Activity: Print the lines exactly. Start at the first line of the material below, end with the line that contains "호텔 화이트 코튼 자카드 맞춤형 로고 손 목욕 타월 세트", and skip all pictures.

Recorded information:
━━━━━━━━━━━━━━━━━━━━

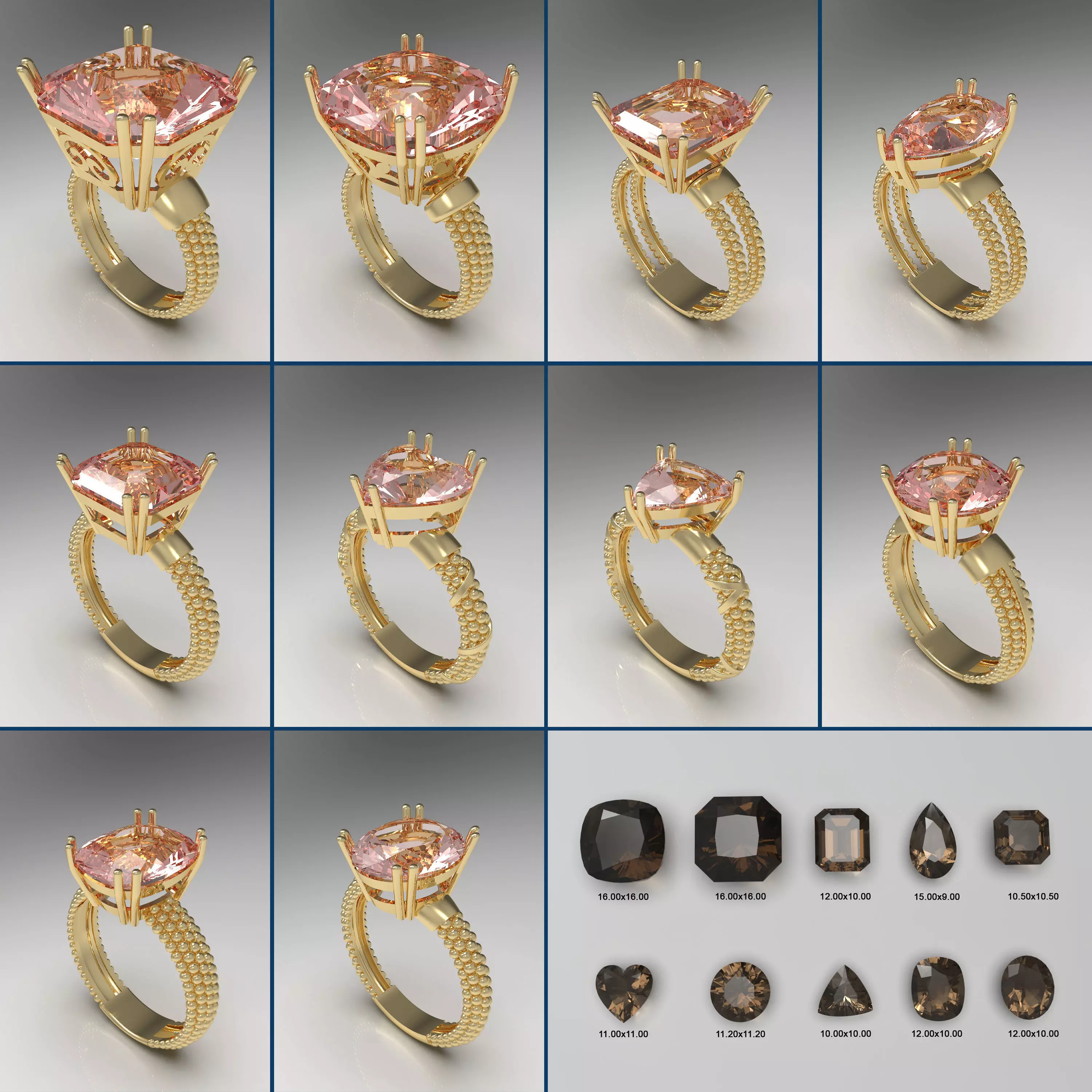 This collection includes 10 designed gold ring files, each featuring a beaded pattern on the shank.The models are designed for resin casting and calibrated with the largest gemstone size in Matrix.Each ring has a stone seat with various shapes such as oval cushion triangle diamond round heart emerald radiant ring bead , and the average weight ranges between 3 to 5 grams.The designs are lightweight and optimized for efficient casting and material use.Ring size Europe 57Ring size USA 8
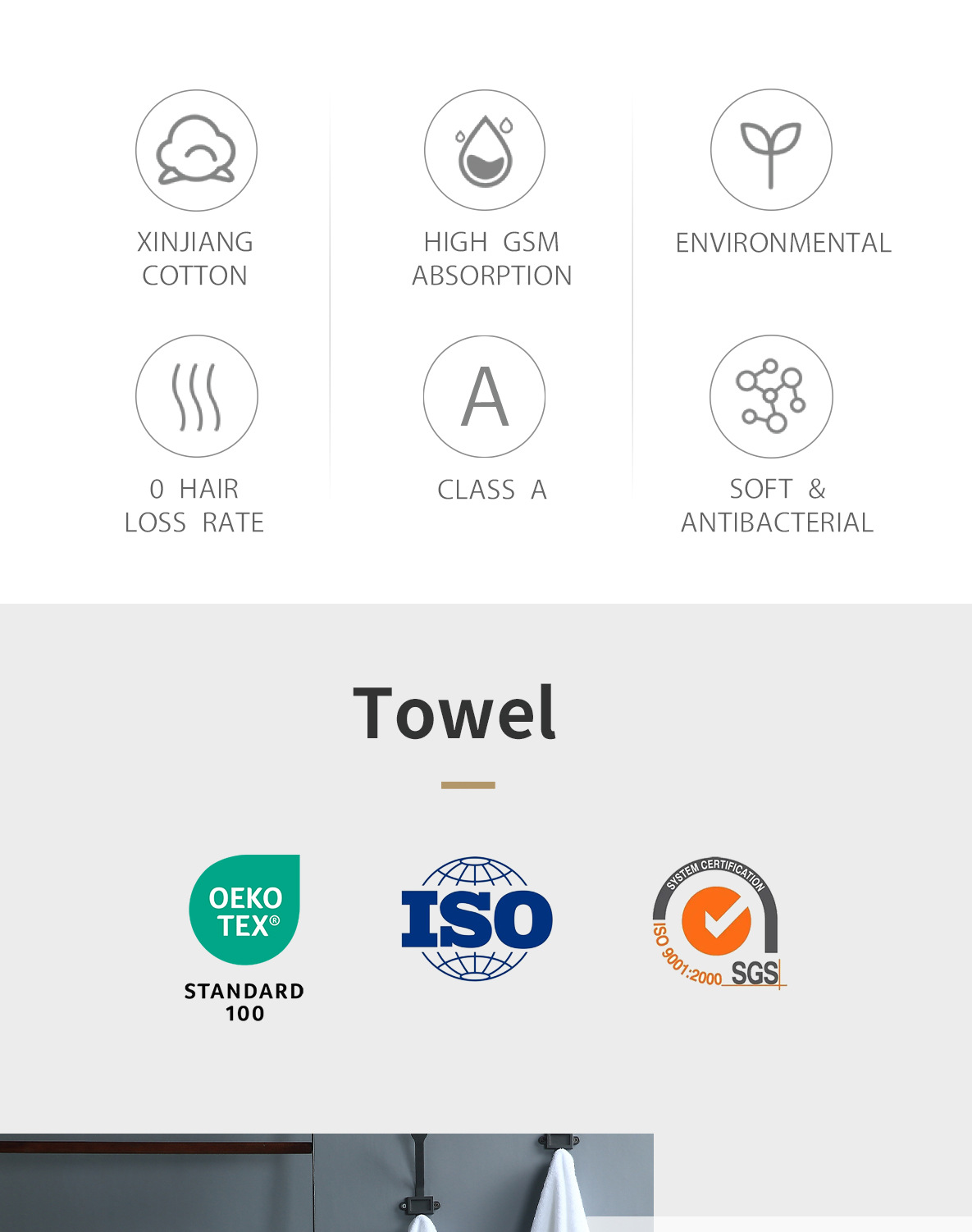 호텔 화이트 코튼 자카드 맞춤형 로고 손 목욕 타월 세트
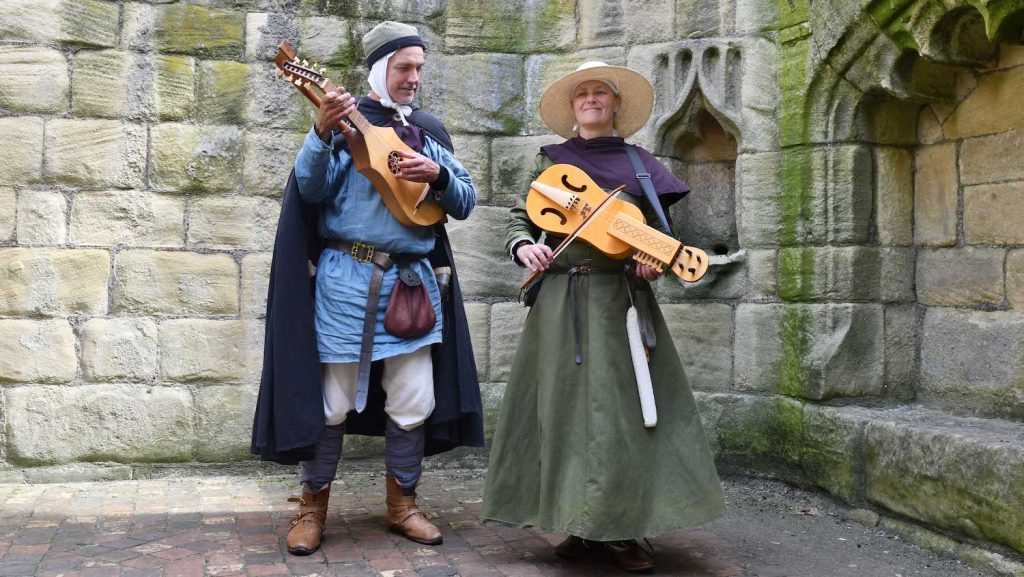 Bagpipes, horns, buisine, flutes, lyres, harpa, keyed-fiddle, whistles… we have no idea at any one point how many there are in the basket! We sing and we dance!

━━━━━━━━━━━━━━━━━━━━

Result of the exercise:
 This collection includes 10 designed gold ring files, each featuring a beaded pattern on the shank.The models are designed for resin casting and calibrated with the largest gemstone size in Matrix.Each ring has a stone seat with various shapes such as oval cushion triangle diamond round heart emerald radiant ring bead , and the average weight ranges between 3 to 5 grams.The designs are lightweight and optimized for efficient casting and material use.Ring size Europe 57Ring size USA 8
 호텔 화이트 코튼 자카드 맞춤형 로고 손 목욕 타월 세트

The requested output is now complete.